Прямое прочтение
Nov. 4th, 2010 11:34 am![[personal profile]](https://www.dreamwidth.org/img/silk/identity/user.png)
Ольга Балла
Прямое прочтение
Знание – Сила. - № 11. – 2010. = http://community.livejournal.com/znaniesila/22862.html
Игорь Мардов. Лев Толстой на вершинах жизни. – М.: Прогресс-Традиция, 2003. – 432 с.
Игорь Мардов. Лев Толстой. Драма и величие любви: Опыт метафизической биографии. – М.: Прогресс-Традиция, 2005. – 632 с.
Книги Игоря Мардова о Льве Толстом вышли давно – одна пять, другая семь лет назад. Тем примечательнее, что они, похоже, остались вовсе без резонанса – без отчётливой культурной реакции на них. В интернете, куда в последние, «электронные» годы неминуемо попадает по крайней мере основная часть написанного для публичного прочтения, - не удаётся обнаружить ни одного посвящённого Мардову текста: ни обычной рецензии, ни вообще чего-то такого, что вступало бы с ним в диалог и пыталось бы понять его позицию.

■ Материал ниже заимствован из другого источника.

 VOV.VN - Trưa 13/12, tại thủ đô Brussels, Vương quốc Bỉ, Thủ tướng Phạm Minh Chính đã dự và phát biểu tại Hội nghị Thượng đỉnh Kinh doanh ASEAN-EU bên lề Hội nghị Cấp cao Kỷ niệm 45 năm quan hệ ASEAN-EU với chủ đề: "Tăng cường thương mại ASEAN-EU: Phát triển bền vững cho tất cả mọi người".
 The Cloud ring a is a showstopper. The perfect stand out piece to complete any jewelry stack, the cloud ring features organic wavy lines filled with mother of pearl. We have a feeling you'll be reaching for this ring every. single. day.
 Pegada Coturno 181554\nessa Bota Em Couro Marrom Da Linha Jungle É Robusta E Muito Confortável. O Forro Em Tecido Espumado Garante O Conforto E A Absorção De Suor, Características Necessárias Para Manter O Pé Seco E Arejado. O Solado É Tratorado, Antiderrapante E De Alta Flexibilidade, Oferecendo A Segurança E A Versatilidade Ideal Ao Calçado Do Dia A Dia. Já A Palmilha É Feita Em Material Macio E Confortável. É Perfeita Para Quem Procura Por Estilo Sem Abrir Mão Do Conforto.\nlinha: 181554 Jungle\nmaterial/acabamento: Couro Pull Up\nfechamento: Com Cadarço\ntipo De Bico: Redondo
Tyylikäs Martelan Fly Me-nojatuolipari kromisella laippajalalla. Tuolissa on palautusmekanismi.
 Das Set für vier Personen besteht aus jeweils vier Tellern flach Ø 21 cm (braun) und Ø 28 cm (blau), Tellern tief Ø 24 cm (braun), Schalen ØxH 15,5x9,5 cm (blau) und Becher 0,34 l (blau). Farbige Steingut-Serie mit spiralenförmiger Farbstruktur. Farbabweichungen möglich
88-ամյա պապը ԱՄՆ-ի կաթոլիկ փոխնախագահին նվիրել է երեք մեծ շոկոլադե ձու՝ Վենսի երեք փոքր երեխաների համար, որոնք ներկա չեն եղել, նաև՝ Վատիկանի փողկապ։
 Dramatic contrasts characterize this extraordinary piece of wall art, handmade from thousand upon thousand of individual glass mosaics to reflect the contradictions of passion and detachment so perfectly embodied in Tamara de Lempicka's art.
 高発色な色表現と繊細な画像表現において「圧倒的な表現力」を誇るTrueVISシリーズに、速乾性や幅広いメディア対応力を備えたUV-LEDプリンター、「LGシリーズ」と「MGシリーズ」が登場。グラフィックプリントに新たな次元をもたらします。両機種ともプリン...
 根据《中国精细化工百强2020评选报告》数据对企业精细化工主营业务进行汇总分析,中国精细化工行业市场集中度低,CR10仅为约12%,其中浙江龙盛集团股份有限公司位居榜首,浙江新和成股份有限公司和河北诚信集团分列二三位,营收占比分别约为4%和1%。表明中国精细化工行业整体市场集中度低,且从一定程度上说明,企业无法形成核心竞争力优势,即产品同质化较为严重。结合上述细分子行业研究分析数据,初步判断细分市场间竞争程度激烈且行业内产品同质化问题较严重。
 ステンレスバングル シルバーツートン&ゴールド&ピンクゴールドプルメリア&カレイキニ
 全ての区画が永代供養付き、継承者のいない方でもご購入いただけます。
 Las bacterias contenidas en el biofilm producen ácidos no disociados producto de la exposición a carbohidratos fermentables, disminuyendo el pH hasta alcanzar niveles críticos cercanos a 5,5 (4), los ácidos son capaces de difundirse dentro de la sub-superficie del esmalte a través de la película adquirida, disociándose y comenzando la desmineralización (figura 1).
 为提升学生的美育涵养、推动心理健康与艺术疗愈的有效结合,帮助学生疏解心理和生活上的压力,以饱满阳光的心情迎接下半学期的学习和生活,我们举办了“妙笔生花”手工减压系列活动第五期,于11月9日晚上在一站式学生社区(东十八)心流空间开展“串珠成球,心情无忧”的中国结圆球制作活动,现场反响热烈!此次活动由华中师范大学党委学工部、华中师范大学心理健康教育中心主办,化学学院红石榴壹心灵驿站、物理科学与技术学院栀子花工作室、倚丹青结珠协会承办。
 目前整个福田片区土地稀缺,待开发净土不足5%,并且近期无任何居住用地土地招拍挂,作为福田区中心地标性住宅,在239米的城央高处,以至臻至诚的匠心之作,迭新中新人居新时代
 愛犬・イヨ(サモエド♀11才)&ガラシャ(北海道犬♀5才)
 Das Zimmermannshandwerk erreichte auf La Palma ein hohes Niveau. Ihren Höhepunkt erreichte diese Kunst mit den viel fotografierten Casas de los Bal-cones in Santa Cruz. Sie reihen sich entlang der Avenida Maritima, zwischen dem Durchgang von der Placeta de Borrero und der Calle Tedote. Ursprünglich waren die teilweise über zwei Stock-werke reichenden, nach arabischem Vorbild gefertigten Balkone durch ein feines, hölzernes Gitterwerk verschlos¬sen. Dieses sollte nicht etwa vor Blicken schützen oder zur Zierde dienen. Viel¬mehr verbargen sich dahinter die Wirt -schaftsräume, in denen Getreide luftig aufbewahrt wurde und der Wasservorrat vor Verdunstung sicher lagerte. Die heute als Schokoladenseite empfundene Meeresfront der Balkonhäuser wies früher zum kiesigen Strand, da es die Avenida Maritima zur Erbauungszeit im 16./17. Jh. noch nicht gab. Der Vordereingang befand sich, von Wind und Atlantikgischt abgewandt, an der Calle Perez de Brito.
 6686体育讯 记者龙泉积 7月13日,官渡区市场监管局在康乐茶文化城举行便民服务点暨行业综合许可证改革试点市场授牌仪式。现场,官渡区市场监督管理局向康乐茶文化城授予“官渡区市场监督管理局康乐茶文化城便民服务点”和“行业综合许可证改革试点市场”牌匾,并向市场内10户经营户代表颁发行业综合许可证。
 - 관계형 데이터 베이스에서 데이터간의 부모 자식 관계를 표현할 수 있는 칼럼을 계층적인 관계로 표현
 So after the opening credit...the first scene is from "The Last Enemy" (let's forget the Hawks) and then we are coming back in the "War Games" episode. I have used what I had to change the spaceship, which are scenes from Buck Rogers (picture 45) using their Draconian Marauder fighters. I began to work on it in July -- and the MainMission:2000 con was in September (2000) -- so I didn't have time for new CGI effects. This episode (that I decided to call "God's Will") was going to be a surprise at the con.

Тем более – встроить его в контекст: скажем, толстоведения или (что было бы вернее) современной религиозной мысли.
Напрашивается мысль, что наша культура просто не знает, что с ним делать.
И это неспроста. Мардов и сам пишет так, будто никакого контекста не существует. Можно было бы сказать, что он - своего рода вызов современной ему культуре, если бы само понятие «вызова» уже не предполагало взаимодействия, пусть и конфликтного - с контекстом ли, с традицией ли.
Обе его книги - несомненно, части одного проекта: большого, который к этим двум книгам не сводится, но, похоже, именно в них обрёл наиболее законченную форму.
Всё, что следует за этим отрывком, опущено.